Kalau di PP 78 kenaikan UM adalah penjumlahan inflasi dan pertumbuhan ekonomi (PE) misalnya inflasi 3 persen dan PE 5 persen maka kenaikan UM nya 3 + 5 = 8 persen. Kalau di PP 36 rumusnya banyak. Menentukan dulu Batas Atas (BA) lalu menentukan Batas Bawah (BB), lalu masukin rumus menentukan kenaikan dgn memilih mana yg lebih besar inflasi atau PE. Kalau PE lebih besar maka pakai PE, kalau inflasi lebih besar pakai inflasi. Jadi memilih, bukan dijumlahkan seperti PP 78.

Saat ini Pemerintah lagi mengajak Serikat Pekerja/ Serikat Buruh (SP/SB) untuk membahas ulang UU Cipta Kerja sebagai amanat Putusan MK.

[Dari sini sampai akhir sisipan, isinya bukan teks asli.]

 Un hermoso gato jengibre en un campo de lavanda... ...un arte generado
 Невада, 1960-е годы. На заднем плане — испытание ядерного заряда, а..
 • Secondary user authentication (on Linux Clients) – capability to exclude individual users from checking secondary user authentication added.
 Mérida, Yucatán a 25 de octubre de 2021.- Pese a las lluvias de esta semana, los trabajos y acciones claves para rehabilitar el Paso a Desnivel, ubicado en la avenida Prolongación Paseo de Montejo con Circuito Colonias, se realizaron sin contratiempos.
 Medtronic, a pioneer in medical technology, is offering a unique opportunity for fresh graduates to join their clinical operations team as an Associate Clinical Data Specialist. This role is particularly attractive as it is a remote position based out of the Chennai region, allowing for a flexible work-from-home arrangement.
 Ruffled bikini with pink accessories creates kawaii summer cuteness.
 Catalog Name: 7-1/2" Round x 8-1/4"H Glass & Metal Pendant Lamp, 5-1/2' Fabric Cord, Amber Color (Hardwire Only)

Timboel berharap, SP /SB terus mendorong Pemerintah mau merevisi rumus kenaikan UM tersebut, dengan kembali menggunakan rumus di PP 78 tahun 2015. Yang ideal memang mengembalikan kenaikan UM pada mekanisme survey pasar yang dilanjutkan dengan negosiasi Dewan Pengupahan Daerah, tapi bila ini tidak disetujui maka kembalikan pada rumus di PP 78 tahun 2015.

Bantuan Subsidi Upah
Untuk kondisi tergerusnya upah buruh saat ini, yang bisa dilakukan Pemerintah saat ini adalah segerakan realisasi Bantuan Subsidi Upah (BSU) 2022 yang memang sudah dianggarkan sebesar Rp. 8.8 Triliun untuk 8.8 juta pekerja.

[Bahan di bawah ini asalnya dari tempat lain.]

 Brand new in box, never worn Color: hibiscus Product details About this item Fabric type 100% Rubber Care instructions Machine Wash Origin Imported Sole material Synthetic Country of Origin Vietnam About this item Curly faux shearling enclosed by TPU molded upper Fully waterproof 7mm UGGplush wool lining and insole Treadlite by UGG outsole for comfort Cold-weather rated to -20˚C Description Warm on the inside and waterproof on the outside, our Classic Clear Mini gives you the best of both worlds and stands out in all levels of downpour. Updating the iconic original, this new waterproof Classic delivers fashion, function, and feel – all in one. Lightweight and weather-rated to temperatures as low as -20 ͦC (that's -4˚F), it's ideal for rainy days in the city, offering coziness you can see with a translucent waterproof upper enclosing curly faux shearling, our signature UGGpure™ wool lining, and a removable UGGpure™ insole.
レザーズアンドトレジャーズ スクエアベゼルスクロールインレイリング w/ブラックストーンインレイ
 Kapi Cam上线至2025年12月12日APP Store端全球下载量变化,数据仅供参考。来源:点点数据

Tiomboel Siregar mendesak Menteri Ketenagakerjaan untuk merealisasikan BSU ini.

Selain itu, Timboel Siregar mengusulkan agar BSU 2022 harus menyasar juga pekerja yg belum ikut jaminan sosial ketenagakerjaan. Buka ruang pekerja yang tidak terdaftar di BPJS ketenagakerjaan untuk melapor ke BPJS Ketenagakerjaan dan atau dinas ketenagakerjaan setempat.

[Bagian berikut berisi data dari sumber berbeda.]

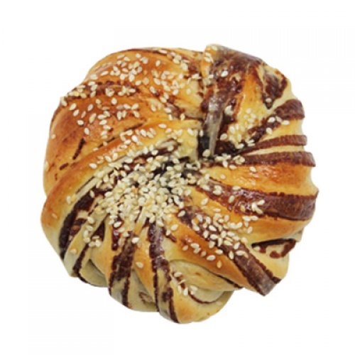 Sweet bun with spiraled red bean filling topped with white sesame.
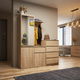 Mobilierul Enteruno facilitează accesul rapid la obiectele de zi cu zi și menține ordinea în hol printr-un spațiu organizat pentru paltoane, genți și încălțăminte. Setul combină funcționalitatea unui cuier, dulap pentru haine, spațiu de depozitare și oglindă într-un singur ansamblu eficient, optim pentru utilizarea spațiului fără a sacrifica estetica.
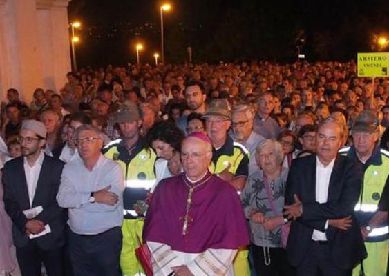 Voglio ricordare questa sera, davanti al Santuario della Madonna di Monte Berico, quel “fiume di carità e di solidarietà” che ha caratterizzato le nostre comunità cristiane, con la guida dei loro pastori, attraverso il servizio dei diaconi e la testimonianza dei consacrati e delle consacrate: i sostegni di “vicinanza” per le famiglie in difficoltà; il servizio alle mense dei poveri gestite dalla Caritas, dalla San Vincenzo e da alcune comunità religiose; la visita cordiale ai malati e agli anziani nelle loro famiglie, negli ospedali e nelle case di riposo; la visita ai carcerati, la cura nel prepararli all’inserimento nella società; la vicinanza e la solidarietà verso le persone con qualche disabilità che vivono in famiglia o che trascorrono parte del loro tempo in centri diurni, oppure, residenziali; l’accoglienza fraterna nelle nostre strutture abitative di piccoli nuclei o famiglie di immigrati; e a livello sociale le manifestazioni pubbliche per promuovere la pace, per stigmatizzare la tratta degli esseri umani o per la difesa e la salvaguardia del creato; infine, desidero ricordare la decisione presa dalla nostra diocesi — attraverso gli organismi di partecipazione — di aprire una nuova missione nella diocesi di Beira, in Mozambico, con l’invio di due nostri preti come fidei donum. Questa missione sarà condivisa e sostenuta anche da un prete della diocesi di Adria-Rovigo, dai missionari della Pia Società San Gaetano e dalle Suore Orsoline di Vicenza, già presenti in quel territorio da diversi anni.
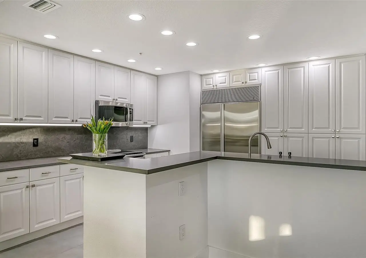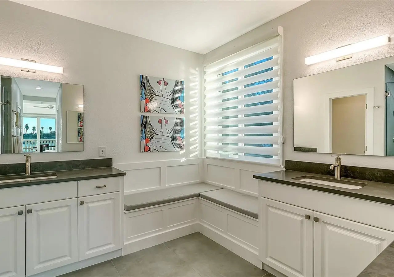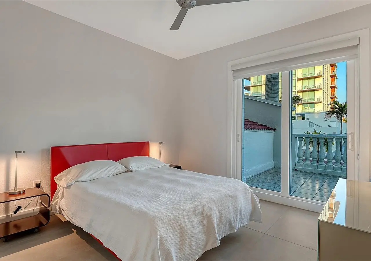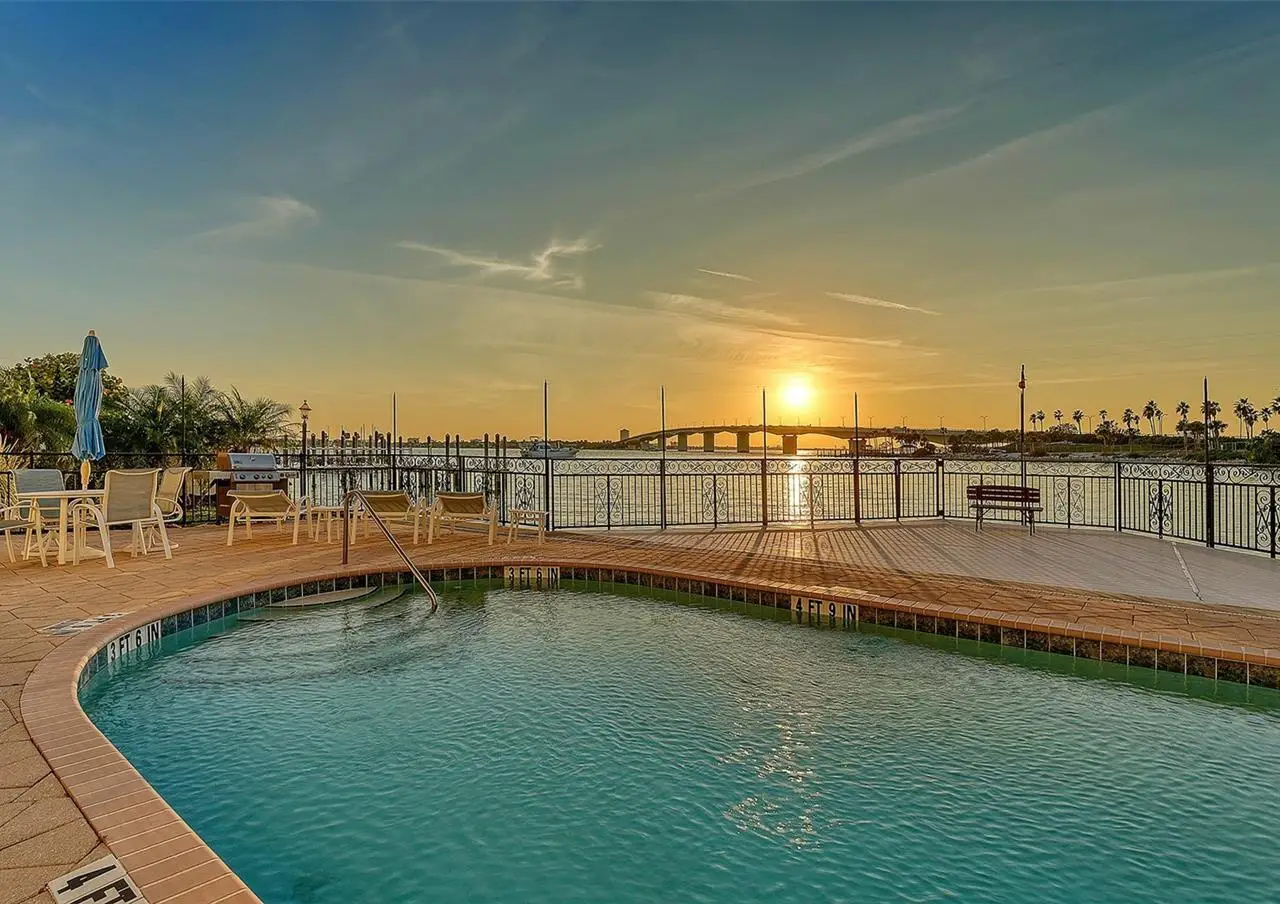 Direct waterfront on Golden Gate Point downtown Sarasota! Golden Bay is a boutique condominium building of only 10 units. You will enjoy the intimacy and peaceful setting of this remodeled residence overlooking Sarasota Bay and Ringling Bridge. An elevator will bring you directly to your private foyer. The sunsets are spectacular! This second-floor corner unit features high ceilings, 3 bedrooms, an office/4th brm, 3 full baths and benefits of two large terraces (27' x 9'). The West sunsets terrace is accessible from the living room and the primary bedroom, and the East sunrises terrace is accessible from the two guest bedrooms. The current owners replaced all the windows and patio doors, updated the entire unit with a 4x2 grey porcelain tiles, redid all 3 bathrooms, and installed custom blinds on all windows. The gourmet kitchen is equipped with stainless-steel appliances including a Sub Zero refrigerator, white cabinetry with lots of storage, beautiful new quartz countertops, and two wine refrigerators. The spacious primary suite, with access to the terrace that overlooks the bay, provides two walk-in closets, an elegant bathroom with two sinks, a walk-in shower, and a comfortable sitting area (plumbing in place for a tub if desired). Both guest bedrooms are en-suite.The large office has a slider door that opens to a Romeo & Juliette balcony, has a double closet and can be used as a 4th bedroom. Well thought laundry room with cabinetry, a sink, and stackable washer/dryer will facilitate your task. There is an additional stairway directly from your unit that goes to your private sizeable 2 car garage 19’ x 25’ and the pool deck where you can grill and enjoy the heated pool and day dock. On the desired Golden Gate Point, this location is a short walk to restaurants, theatres, shops, and minutes to famous St. Armands Circle and sandy Lido Beach.
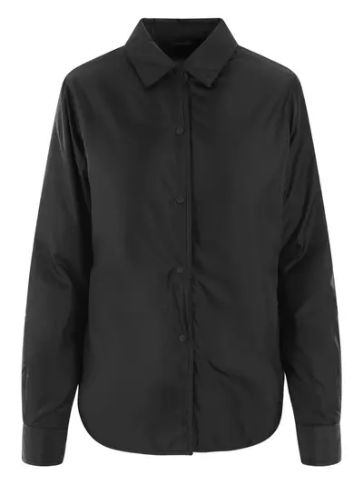black padded design lightweight construction front press-stud fastening classic collar long sleeves press-stud fastening cuffs two side inset pockets mini logo tag to the side curved hem
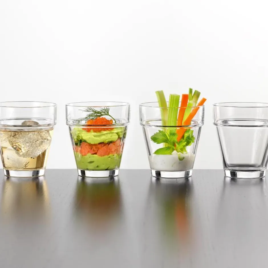 Bistro s’inscrit dans un élan de modernité et de simplicité. Robuste et fiable, la série est fonctionnelle et polyvalente. Elle se décline en tant que service de verre, mais aussi en tant que vaisselle culinaire. Pour vos verrines, salades d’été, tartares, mais également pour le café, thé, jus de fruit …
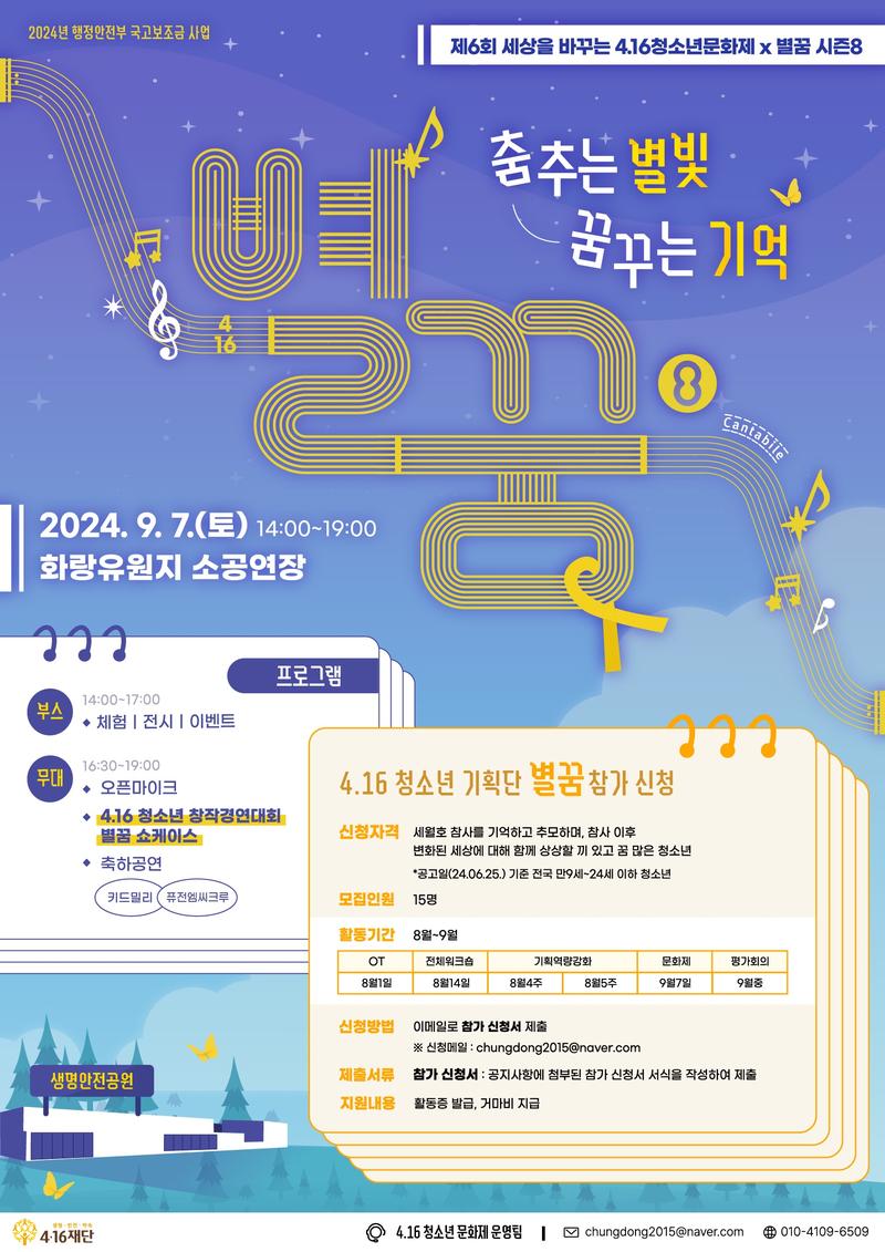 생명과 안전이 존중되는 사회를 만들어가는 4.16재단에서는 청소년들이 직접 참여하여 스스로 만드는 제6회 세상을 바꾸는 4.16 청소년문화제 x 별꿈 시즌8을 추진하기 위해 기획부터 홍보 및 운영을 함께할 청소년 기획단을 모집합니다. 끼 있고 꿈 많은 청소년 여러분들의 많은 관심과 참여 부탁드립니다.

Dengan mengikutkan mereka maka Dinas Ketenagakerjaan dan BPJS ketenagakerjaan bisa mendata mereka dan melakukan penegakkan hukum kepada perusahaan yang belum mendaftarkan pekerjanya ke BPJS ketenagakerjaan. Demikian juga BSU 2022 menyasar pekerja migran yang pulang dari luar negeri, serta pekerja ojol.

Tentunya Pemerintah juga tetap menganggarkan BSU 2023 untuk mengantisipasi kondisi global yang kemungkinan belum pulih di tahun depan.

Langkah lainnya yg bisa dilakukan Pemerintah adalah lakukan operasi pasar untuk para pekerja di kawasan2 industri dan lokasi kerja lainnya. Ajak para pengusaha utk mendukung operasi pasar ini dengan anggaran CSR nya.